Déclare recevable les appels principaux et incidents,





Confirme le jugement du tribunal de commerce de Nanterre en ce qu'il a déclaré irrecevables comme prescrites les actions engagées par la Lyonnaise de banque, Banco Sabadell, BNP Paribas et la banque Cantonale de Genève à l'encontre tant du Crédit agricole CIB que de la SELARL FHB, prise en la personne de Me Emmanuel G... ès qualités de mandataire ad hoc, et en ce qu'il condamné in solidum la Lyonnaise de banque, la Banco Sabadell, la BNP Paribas et la banque Cantonale de Genève à payer au Crédit agricole CIB la somme de 5 000 euros au titre de l'article 700 du code de procédure civile, à la SELARL FHB prise en la personne de Me Emmanuel G... la somme de 5 000 euros sur le fondement des dispositions de l'article 700 du code de procédure civile, et en ce qu'il a condamné la Lyonnaise de banque aux entiers dépens de l'instance.

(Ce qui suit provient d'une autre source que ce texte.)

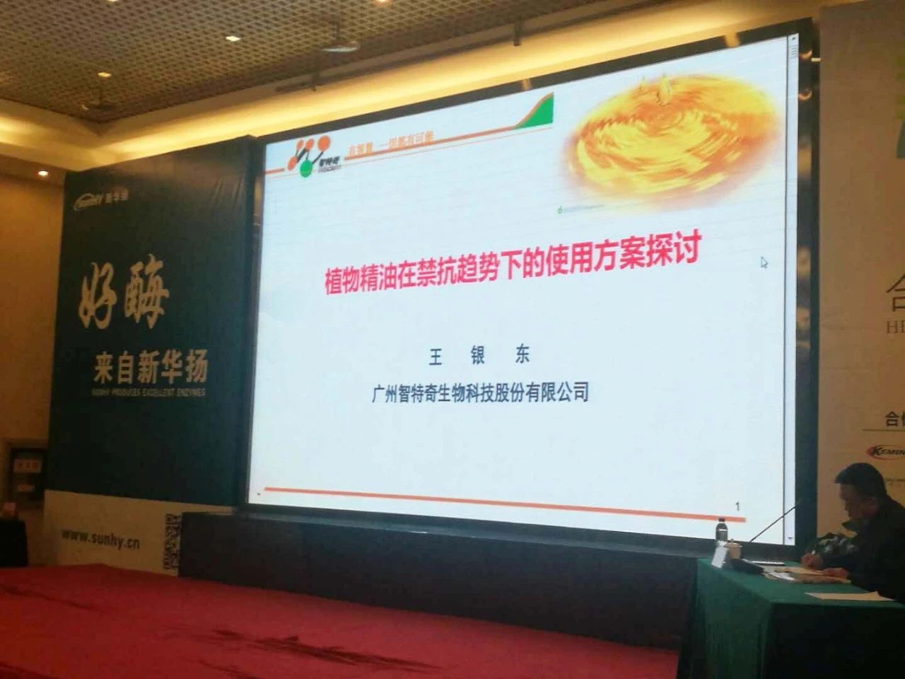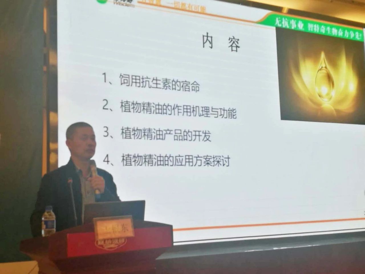 报告中,王银东博士主要从植物精油作用机理与功能、植物精油的抗菌抑菌机理、植物精油抗菌使用方案探讨等几个方面内容,并结合智特奇生物近年来用微胶囊包膜精油“智然香”系列产品在仔猪料、肉禽、蛋禽、水禽以及水生动物实验研究分析成果,给出了“智然香”系列产品替代抗生素的最佳用量及使用方案推荐。最后提出,植物精油将在禁抗趋势下,发挥越来越重要的作用。

L'infirme pour le surplus,





et, statuant à nouveau,





Dit sans objet l'appel en garantie contre la société FHB en qualité de mandataire ad hoc de la société LCH,





Y ajoutant





Déboute la société Lyonnaise de banque, la Banque cantonale de Genève, la BNP Paribas et la Banco Sabadell de leurs demandes sur le fondement de l'article 700 du code de procédure civile,





Condamne in solidum la société Lyonnaise de banque, la Banque cantonale de Genève, la BNP Paribas et la Banco Sabadell à payer au Crédit agricole CIB la somme de 5000 euros sur le fondement de l'article 700 du code de procédure civile,





Condamne in soldium la société Lyonnaise de banque, la Banque cantonale de Genève, la BNP Paribas et la Banco Sabadell aux dépens d'appel et accorde aux avocats de la cause qui peuvent y prétendre le droit de recouvrement direct conformément aux dispositions de l'article 699 du code de procédure civile.





Prononcé publiquement par mise à disposition de l'arrêt au greffe de la cour, les parties en ayant été préalablement avisées dans les conditions prévues au deuxième alinéa de l'article 450 du code de procédure civile.





Signé par Madame Sophie N..., Présidente et par Monsieur Jean-François MONASSIER greffier, auquel la minute de la décision a été remise par le magistrat signataire.